The field below the bluff rang with the clang of steel on steel, an energetic counterpoint to the ringing of hammers on anvils off to one side, where dwarves were shaping new shields crafted after Glendon Hawke’s own. There were also bits of armor in the making and sturdy axes suited both to woodcraft and to war. Some of the craftsmen were also beating out battle-helms more suitable for outdoor wear than the old delving helmets most of the Hylar had worn.

Colin Stonetooth watched his people moodily. They were changing, becoming a nation unlike the Calnar from whom they had separated. He hoped the differences would not one day bring their downfall. As a tribe, the Hylar were becoming more formidable by the day, under the tutelage of the somber human knight. But, as with the Calnar of their origins, they were not a prolific people. A male and female who wed tended to wed for life and rarely produced more than three or four children.

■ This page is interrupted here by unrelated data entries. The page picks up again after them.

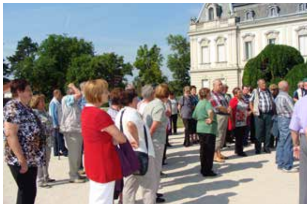
Izlet na Madžarsko
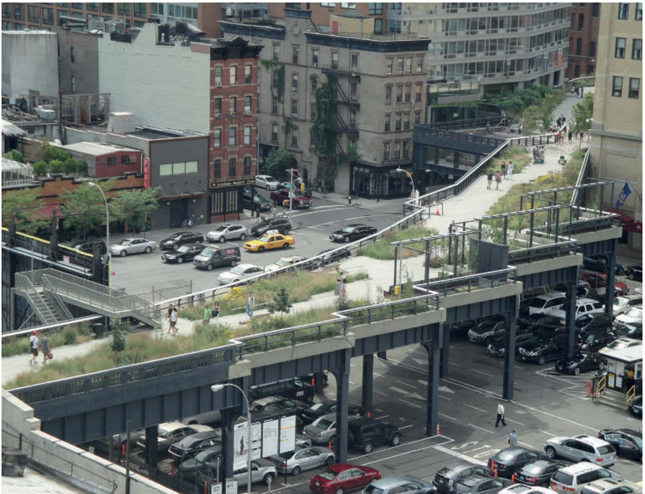
III. 1. High Line — a new tourist attraction in New York, but also an efficient pedestrian route.
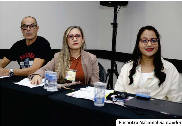
Encontro Nacional Santander
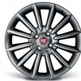
5A6 Cerchi in lega da 17" bruniti 205/45 R17 (non catenabili)
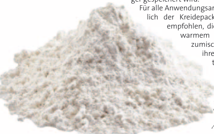
Die Heilkreide ist ein reines Naturprodukt und für Allergiker geeignet.

Für alle Anwendungsarten hinsichtlich der Kreidepackungen wird empfohlen, die Kreide mit warmem Wasser anzumischen, da sich ihre Komponenten im wär-
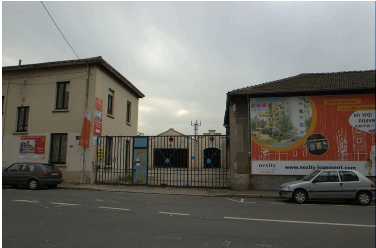
Entrée principale du site, vue ouest
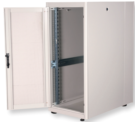
1-Punkt-Verriegelung an allen Türen
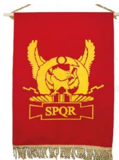
Orol na štandarde rímskych légii.
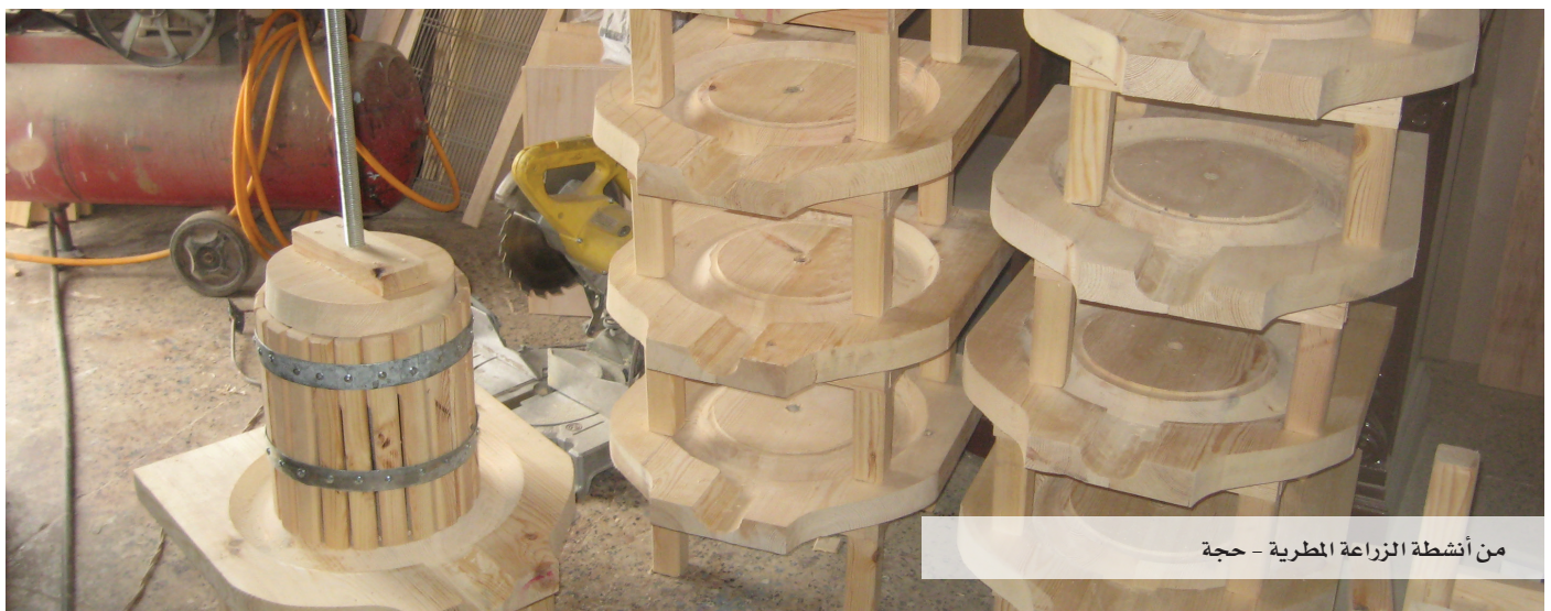
من أنشطة الزراعة المطرية - حجة

تم إنجاز المستوى الأول والثاني من تكوين المجموعات واستكمال بناء قدراتها بشكل مُرضٍ، ففي حجة تم تكوين وتدريب 28 مجموعة إنتاجية بين المجموعات متنوعة الأنشطة (تشتيل، خضار، إنتاج وتسويق النحل ومشتقاته، إنتاج دواجن...). وكذا تكوين وتدريب 300 مجموعة إنتاجية في المستوى المحلي... ليصل بذلك عدد المجموعات المكونة والمدرّبة بين المجتمعات في
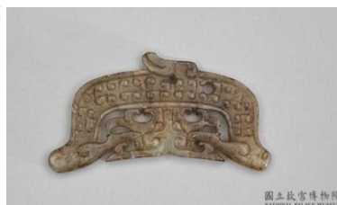
圖十八 獸面紋玉珮

亦作玉珮。古人佩掛的玉制裝飾品。權德輿《贈友人》：「知向巫山逢日暮，輕掛玉珮暫淹留。曉隨雲雨歸何處，還是襄王夢覺愁。」顧況《金璫玉珮歌》：「贈君金璫太霄之玉珮，金鎖禹步之流珠，五嶽真君之秘篆，九天丈人之寶書。東井沐浴辰已畢，先進洞房上奔日。借問君欲何處來，黃姑織女機邊出。」
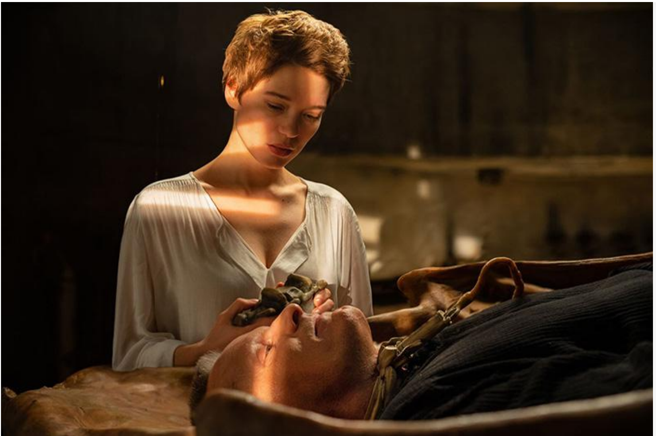
Кадр из фильма «Преступления будущего»
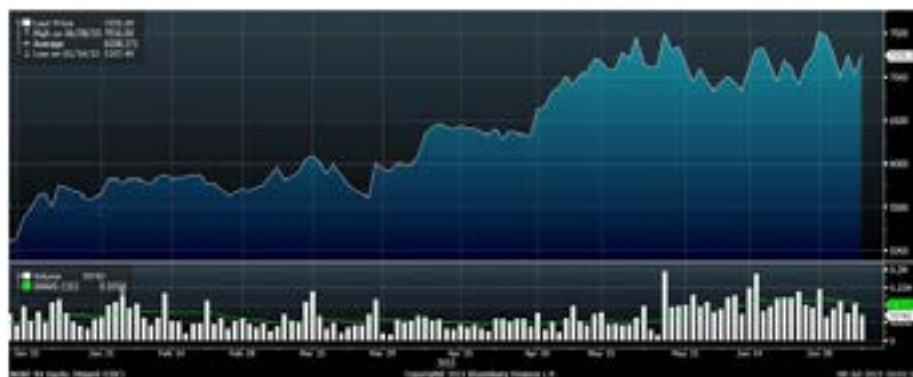
Рис.9 Динамика акций «Магнита» с начала года

Лидером падения среди наиболее ликвидных бумаг в пятницу стали акции «Магнита». В последние дни эти бумаги отличаются повышенной волатильностью. После недавнего обновления долгосрочного максимума (7600 рублей) они нашли локальную поддержку в районе 6950 – 7000 рублей. На недельном графике акции «Магнита» выглядят существенно сильнее индекса ММВБ и имеют технический потенциал к возобновлению среднесрочного повышения. Устойчивый рост торговой выручки и непрерывное расширение розничной сети являются объективными аргументами для долгосрочного роста курсовой стоимости её ценных бумаг.
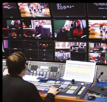
Controller per videowall
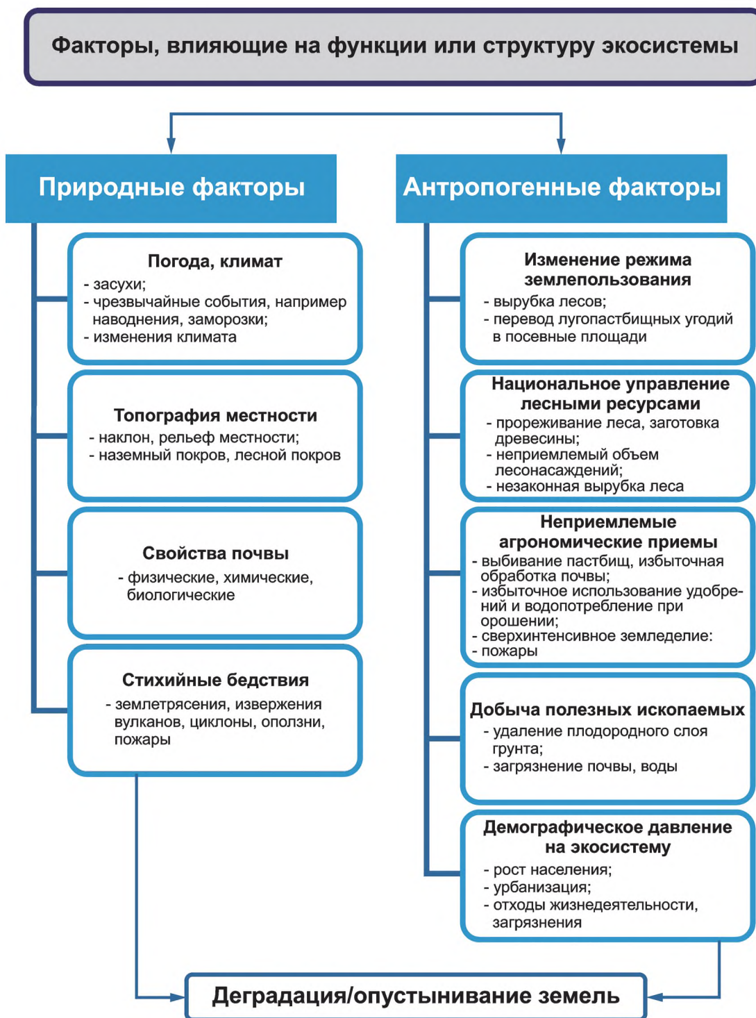
Рисунок 2 — Примеры основных природных и антропогенных факторов, которые могут приводить к деградации и опустыниванию земель
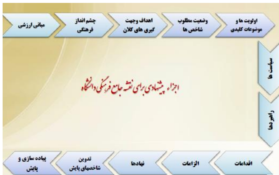
شکل ۲- فلوجارت تهیه نقشه جامع فرهنگی در هر دانشگاه
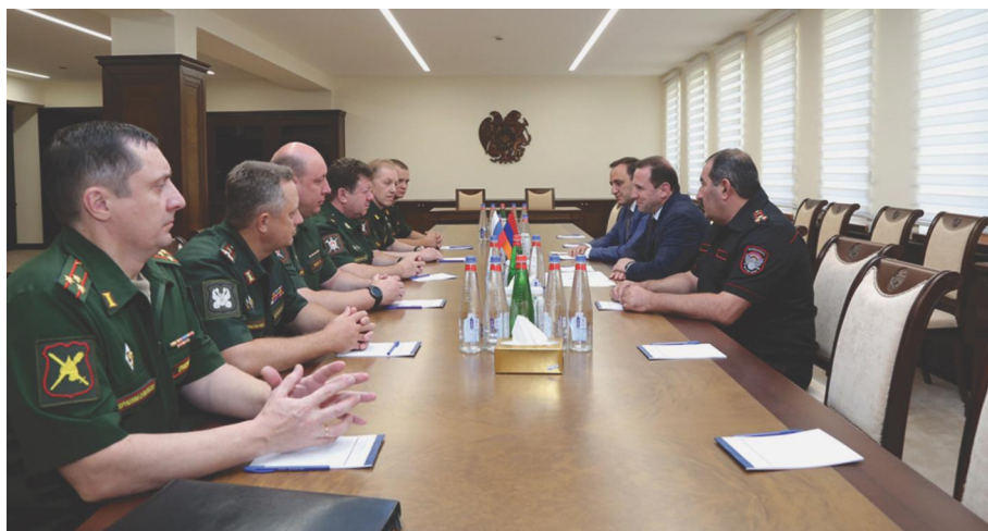
ՀՀ Պաշտպանության նախարար Դավիթ Տոնոյանն ընդունել է Ռուսաստանի Դաշնության պաշտպանության նախարարության զինվորական ոստիկանության գլխավոր վարչության պետի տեղակալ գեներալ-մայոր Վիտալի Կոխի գլխավորած պատվիրակությանը Երևան, 2019 թ. օգոստոսի 29
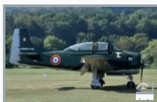
Hahnweide (2016) - *Fennec* ist der Name der französischen Variante
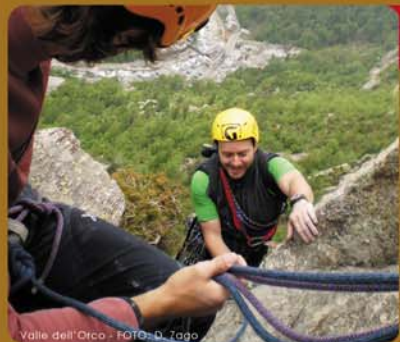
Valle dell'Orco
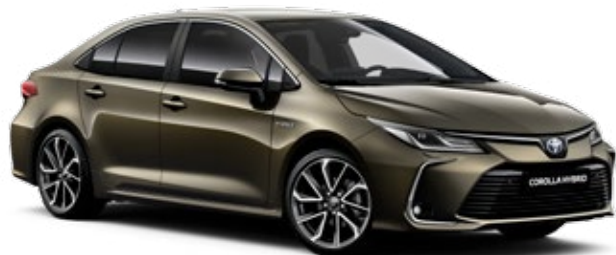
6X1 Патиниран бронз*
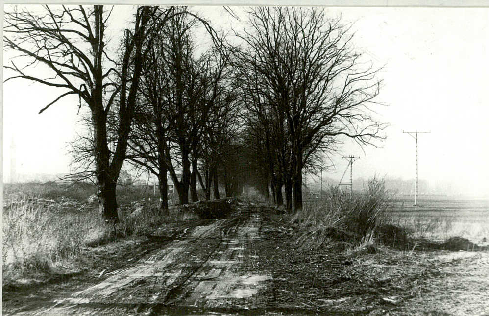
7. Wnętrze alei
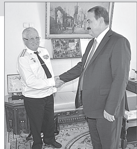
Сирийской Арабской Республикой и народом Российской Федерации.
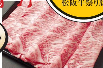
すき焼き・しゃぶしゃぶ用 (1500円・880円)
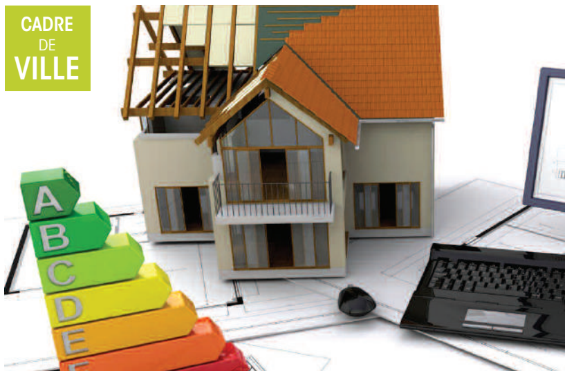
Profitez des conseils pour rénover et réaliser des économies d'énergie.

Si vous avez des projets de rénovation, faites le choix d'un accompagnement technique et financier. Vous avez besoin de conseils pour construire, rénover, se chauffer, installer des énergies renouvelables, rafraîchir, et faire des économies d'énergie au quotidien ?
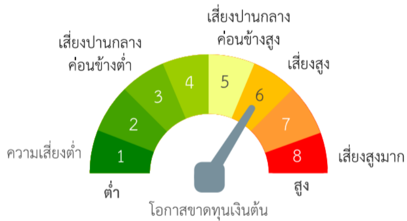
แผนภาพแสดงตำแหน่งความเสี่ยงของนโยบายการลงทุน
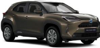
6X1 Güz Bronzu*
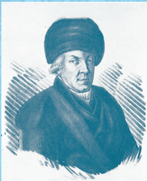
ГАВРИИЛ ДЕРЖАВИН (1743 - 1816) Гравюра Ивана Колосова по оригиналу Сальваторе Тончи. 1801.

Сядь, Державин, развалися, — Ты у нас хитрее лиса, И татарского кумыса Твой початок не прокис.
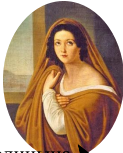
Голицына Евдокия Ивановна
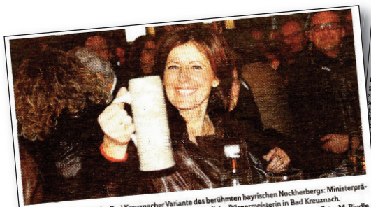
Hatte sichtlich Spaß an der Bad Kreuznacher Variante des berühmten bayrischen Nockherbersch: Ministerpräsidentin Malu Dreyer. Sie war von 1995 bis 1997 hauptamtliche Bürgermeisterin in Bad Kreuznach.
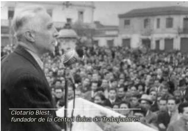
Clotario Blest, fundador de la Central Única de Trabajadores

necesario para alcanzar grados de industrialización que nos permitieran competir en el mercado mundial. Entre el '38 y el '60 se activó la vida económica urbana; sin embargo, la economía siguió teniendo un carácter primario exportador--lo que antes fue el salitre, después fue el cobre y el sector minero carbonífero.
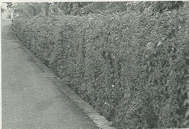
露地栽培成長最好。

炮仗花喜充足的日照，生性強健，栽培土質以富含有機質的壤土為佳，適露地栽培，若為屋頂花園須選擇大而深的花槽，定植前於土壤中添加有機肥為基肥，以後每季施用一次腐熟液肥或化學肥料即可。定植後忌強光照射，須加以遮蔭，待生長較佳後再給予充份的日照；但成株光線不足亦影響開花。幼株須立支柱，使其攀緣，再蔓生於棚架或屋頂、圍牆，當株高達2公尺時須加以摘心，以促進分枝，增加開花數。生育適溫為18~30℃，栽培土壤須保持潮濕，尤其是生育初期，以免影響生長。花期過後應加以修剪整枝，施“禮肥”（慰勞她開花期的辛苦，補補身子），更能促進新枝生長，使生育更佳；須注意氮肥勿過量，以免枝條徒長，影響開花。
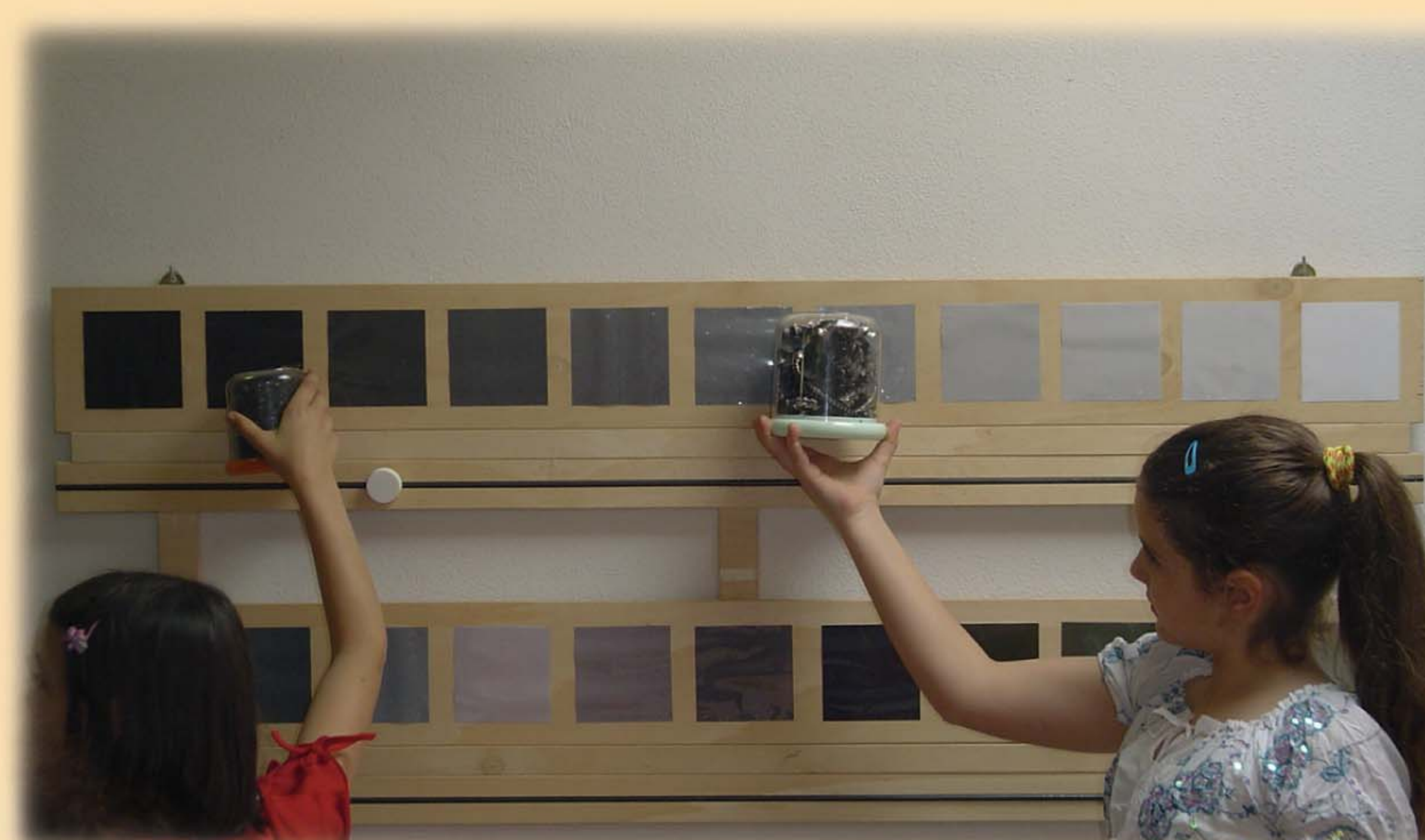
Museo I Magli di Sarezzo, animazione alla Fucina Ludoteca del Ferro: il colore
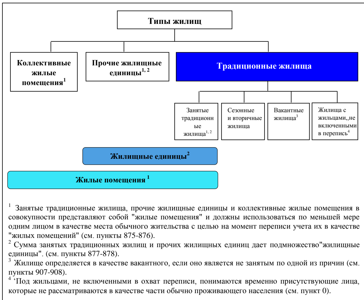
Диаграмма 7. Различные типы жилищ

871. Строение, в котором расположено жилище, рассматривается как косвенная, но важная единица наблюдения при проведении переписи жилищного фонда, поскольку сведения относительно строения (тип постройки, материал наружных стен и некоторые другие характеристики строения) необходимы для правильного описания жилых помещений, расположенных в данном строении, а также для разработки жилищных программ. При переписи жилищного фонда вопросы, касающиеся характеристик строения, обычно составляют инструментарий опроса в отношении того строения, в котором расположены подлежащие регистрации жилые помещения, и сведения регистрируются по каждой жилищной единице или иным находящимся в нем жилым помещениям.
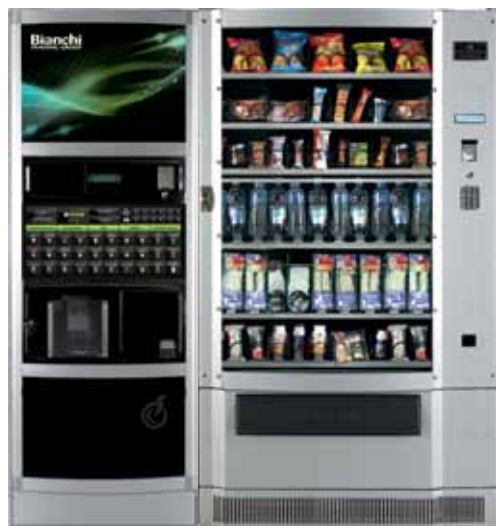
LEI 700 + BVM 695 3°
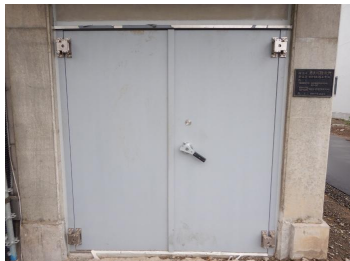
【 防水扉 】
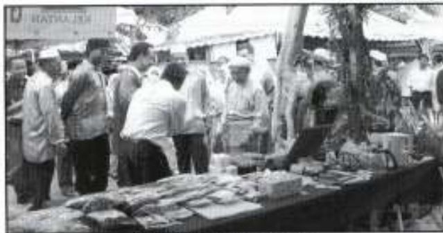
YAB Tuan Guru MBI melihat gerai-gerai
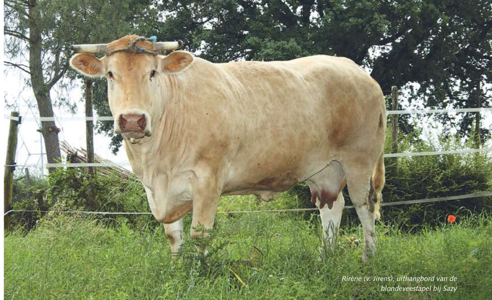
Rirène (v. Jirens), uithangbord van de blondeveestapel bij Sazy

Sazy houdt een geheel eigen fokkerijlijn aan op zijn bedrijf en maakt rijkelijk gebruik van zelfgefokte stieren. 'Op het niveau van de ki-fokstieren is in mijn ogen te veel naar vroegrijpheid gezocht. Dat staat bijna haaks op mijn fokkerijdoel van maat en gewicht.' Sinds de start van het bedrijf, ruim vijftien jaar geleden, won deze Franse blondeveestapel gemiddeld tweehonderd kilo aan karkasgewicht. 'Maar ook dat laatste moet je beperken. Ik kan niet op de grootste dieren en het zwaar-
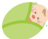
ぐずって眠らない
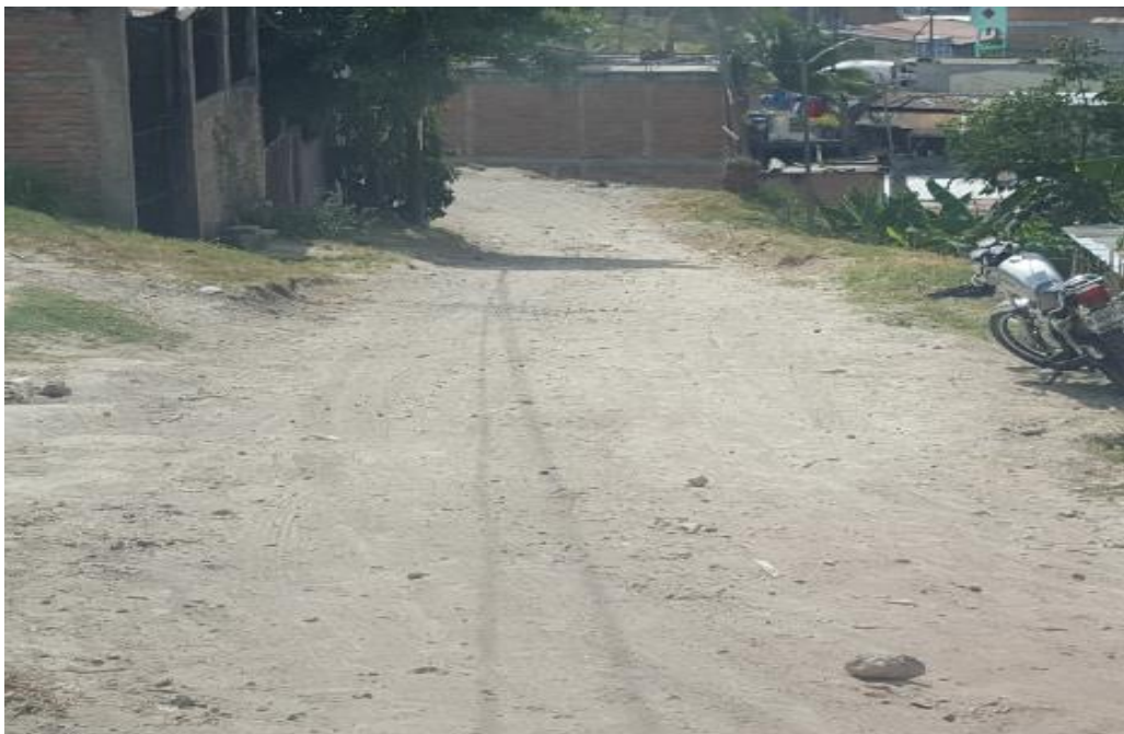
PARTE INTERMEDIA DE CALLE A PAVIMENTAR
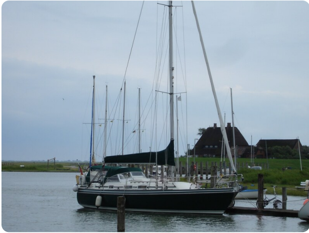
Contest 35S 43

We are becoming fighters, Colin Stonetooth thought, watching. Let us not become so enamored of our new skills that we put too much trust in them. No matter how dangerous we are, one by one, we are not destined to be numerous.

As though reading his mind — a tendency the old dwarf had developed of late and which Colin found startling and distracting — Mistral Thrax said, “Yes, we have a destiny. I do not see it clearly, but the new skills will aid in it.” He stared at the marks on his palms, looking puzzled, then muttered, “In Kal-Thax. Our destiny. Not to be all, or even most, but to lead … others?” He shook his head. “I do not understand, my chieftain.”

“Nor do I,” Colin admitted. “Tell me more about the old scrolls.”

“They are very old,” Mistral Thrax mused. “Several centuries, at least. Perhaps more. And some of them speak of that mystical gem, the faceted gray stone. They say that Reorx himself created it and placed it on Krynn. It was delivered into the keeping of a human king.”

“Why?” Colin’s brows went up in outrage. “A human? Why a human? If Reorx had done such a thing, why not give it to dwarves? We are the primary people of this world, after all.”

“They don’t say why.” Mistral Thrax shook his head. “But they do say that the humans lost the thing.”

“Well, of course they did! Who would trust any human with anything of importance? Even a god should know better! At least, no self-respecting dwarf would ever actually try to use such powers.”

“Gnomes set it free,” Mistral Thrax said. “At least, so the scrolls say.”

“Gnomes? That’s even worse than it being in the hands of humans!”

“Oh, they didn’t get it. Gnomes can’t do anything right. They just set it loose, and since then there has been magic on Krynn. So the scrolls say.”